*** Opening DATA SECTION ***

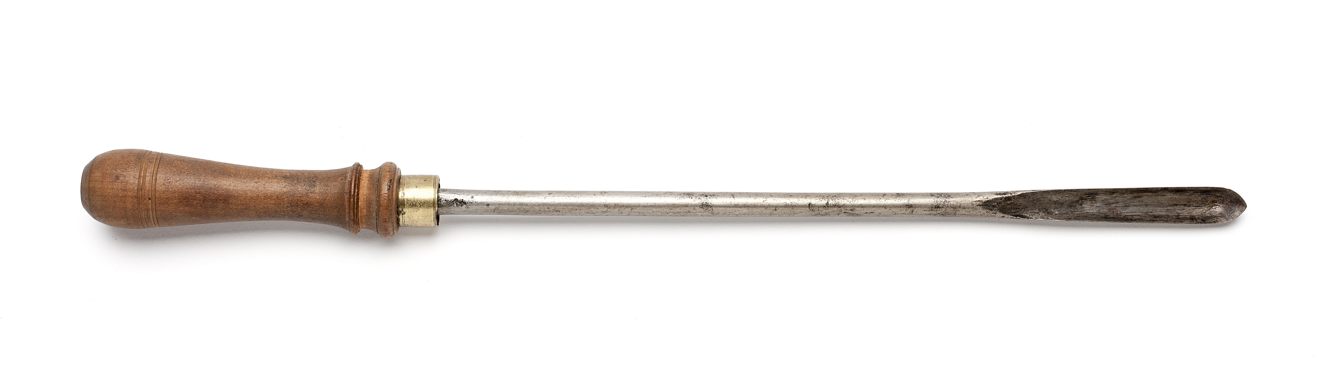 Rund klinga. Spetsoval egg. Stämplat på stålet: hjärta under kors. Svarvat skaft av päronträ, med två vulster nedtill ("rydboholmstyp"). Mässingsring.
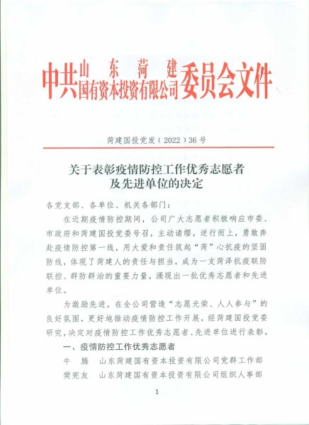 為激勵(lì)先進(jìn),弘揚(yáng)志愿服務(wù)精神,經(jīng)菏建國(guó)投黨委研究,近日,公司對(duì)在疫情防控工作中作出突出貢獻(xiàn)的優(yōu)秀志愿者和先進(jìn)單位進(jìn)行表彰。
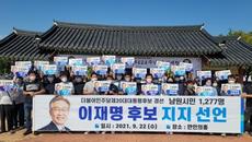 전북 남원시민 1,277명이 더불어민주당 대통령 후보 경선 주자인 이재명 후보 지지를 선언했다. 이들은 22일 오후 남원 만인- 2021.09.22 16:57
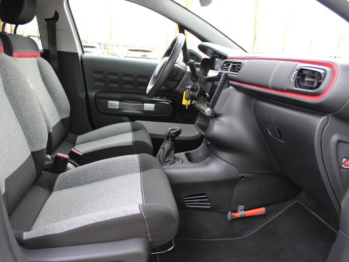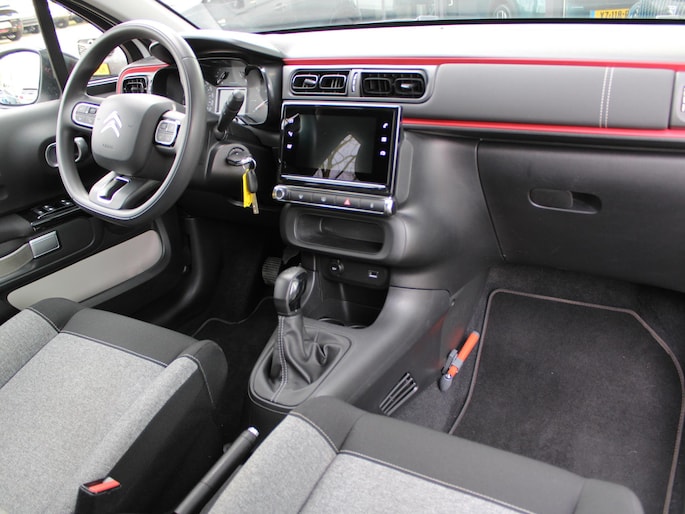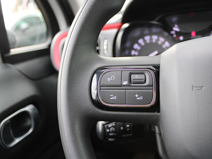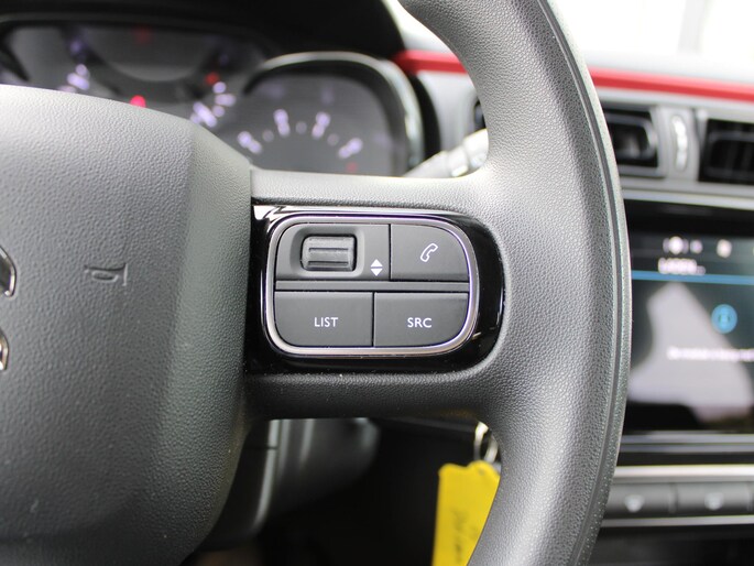Wat is de onderhoudsstatus van deze auto? U checkt het snel, simpel en overal via uw smartphone. Een goede veiligheidsvoorziening is de stuurbediening voor belangrijke functies. De auto is natuurlijk voorzien van een navigatiesysteem en het audiosysteem biedt glasheldere geluidskwaliteit dankzij DAB-ontvangst. Ook over uw schouder ziet u onderweg niet alles wat er aan de achterzijde gebeurt. Daarom heeft deze Citroen C3 een achteropkomend verkeer waarschuwing. Bij de luxe van deze auto hoort ook automatische airconditioning. Boem is ho? Niet bij deze Citroen C3. De piepjes van de parkeersensoren waarschuwen u op tijd voor obstakels. Deze Citroen is voorzien van regensensor, cruise control, automatisch dimmende binnenspiegel, centrale deurvergrendeling met afstandsbediening, boordcomputer en verstelbaar stuur.

*** Closing DATA SECTION ***

■ **THE TASK**:
Output all of the listing above, exactly as given, but without its pictures.

■ **REPLY**:
 Rund klinga. Spetsoval egg. Stämplat på stålet: hjärta under kors. Svarvat skaft av päronträ, med två vulster nedtill ("rydboholmstyp"). Mässingsring.
 為激勵(lì)先進(jìn),弘揚(yáng)志愿服務(wù)精神,經(jīng)菏建國(guó)投黨委研究,近日,公司對(duì)在疫情防控工作中作出突出貢獻(xiàn)的優(yōu)秀志愿者和先進(jìn)單位進(jìn)行表彰。
 전북 남원시민 1,277명이 더불어민주당 대통령 후보 경선 주자인 이재명 후보 지지를 선언했다. 이들은 22일 오후 남원 만인- 2021.09.22 16:57
Wat is de onderhoudsstatus van deze auto? U checkt het snel, simpel en overal via uw smartphone. Een goede veiligheidsvoorziening is de stuurbediening voor belangrijke functies. De auto is natuurlijk voorzien van een navigatiesysteem en het audiosysteem biedt glasheldere geluidskwaliteit dankzij DAB-ontvangst. Ook over uw schouder ziet u onderweg niet alles wat er aan de achterzijde gebeurt. Daarom heeft deze Citroen C3 een achteropkomend verkeer waarschuwing. Bij de luxe van deze auto hoort ook automatische airconditioning. Boem is ho? Niet bij deze Citroen C3. De piepjes van de parkeersensoren waarschuwen u op tijd voor obstakels. Deze Citroen is voorzien van regensensor, cruise control, automatisch dimmende binnenspiegel, centrale deurvergrendeling met afstandsbediening, boordcomputer en verstelbaar stuur.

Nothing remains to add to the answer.